A maioria das pessoas para quem eu falo mora à 3 horas ou mais de distância do emprego, pega 3/4 conduções para chegar no trampo e mesmo assim já levou bronca do patrão, que mora a 1 horinha do escritório, depois de atrasar 10 minutos para bater o ponto. A maioria de nós já teve patrão postando foto da piscina do condomínio, enquanto nós estávamos no escritório porque ele quis que a gente entregasse mais rápido algo que nem estava planejado ou produzisse mais pra ter um relatório bonito para mostrar para os investidores na próxima reunião, pra depois receber as horas trabalhadas como “bancos de horas”. Ah! Sabe quando nós vamos poder tirar os dias do “banco de horas”? Quando o patrão quiser, não quando nós precisarmos.
As pessoas que vem da mesma realidade que eu também não acredita em meritocracia, porque já vimos o filho do patrão das nossas mães, que é empregada doméstica (igual a “moça que limpa sua casa” e você não quer registrar a carteira de trabalho), conseguir um ótimo emprego na firma do pai ou mesmo em postos de trabalho muito bem colocados porque o pai é amigo de algum diretor da empresa. É a famosa “meritocracia por herança”.
É muito engraçado que rico falando que pobreza não aguenta 14hs de trabalho não gera tanta comoção quanto eu falando que a relação entre empregado e empregador é injusta e que meritocracia é ferramenta de manipulação para convencer o pobre de que ele se esforça pouco e por isso que ele vive a realidade que tem.
Eu nunca vi nenhum dos que me criticam levantando a voz (ou teclando) contra alguém que fala que o pobre não consegue melhorar de vida porque é preguiçoso.
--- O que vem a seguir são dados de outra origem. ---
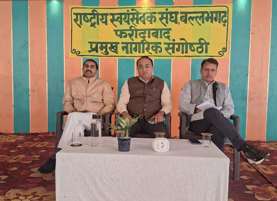 Faridabad/Alive News: राष्ट्रीय स्वयंसेवक संघ के सौ वर्ष पूर्ण होने के उपलक्ष्य में सेक्टर-3 स्थित सामुदायिक भवन में नागरिक विचार गोष्ठी का आयोजन किया गया। कार्यक्रम का मुख्य विषय “राष्ट्रीय स्वयंसेवक संघ के शताब्दी वर्ष व पंच परिवर्तन की समाज निर्माण में भूमिका” रहा। गोष्ठी में क्षेत्र के प्रबुद्ध जन, गणमान्य नागरिक एवं स्वयंसेवक बड़ी […]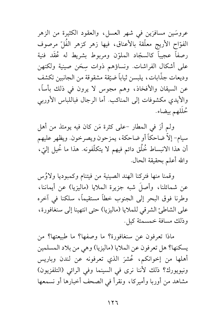 ماذا تعرفون عن سنغافورة؟ ما وصفها؟ ما طبيعتها؟ من يسكنها؟ هل تعرفون عن الملايا (ماليزيا) وهي من بلاد المسلمين أهلها من إخوانكم، عُشرَ الذي تعرفونه عن لندن وباريس ونيويورك؟ ذلك لأننا نرى في السينما وفي الرائي (التلفزيون) مشاهد من أوربا وأميركا، ونقرأ في الصحف أخبارها أو نسمعها

E você sabe que nenhum dos que falam isso suportaria o esforço que fazemos pelo salário que o patrão quer pagar pelo nosso trabalho. Afinal de contas, quem diz o que é “justo” a ser pago para o funcionário é o empregador, não quem vai executar o trabalho. Mas a maioria não faria o que o pobre faz pelo salário que recebe.
Enfim, quando eu falo, eu não estou me direcionado para você, indivíduo que não sabe o que é morar em um barraco de madeira, pisar no esgoto quando está indo pra escola, não ter asfalto na rua e sempre se sujar todo indo pro trabalho quando chove, ter sua sensibilidade tão destruída pela realidade que não liga para os corpos caídos no chão enquanto você joga bola, dividir quarto, as vezes a cama, com os irmãos, crescendo sem privacidade e individualidade, não ter contato com seus pais porque eles não tem tempo nem pra te colocar para dormir, passar mais tempo no transporte público do que descansando para o próximo dia, querer mudar de vida, mas não ter o mínimo disponível para que isso seja possível.
As pessoas de onde eu venho, não se abalam quando eu converso com elas sobre a realidade. Elas enfrentam a realidade todos os dias, porque não tem outra opção.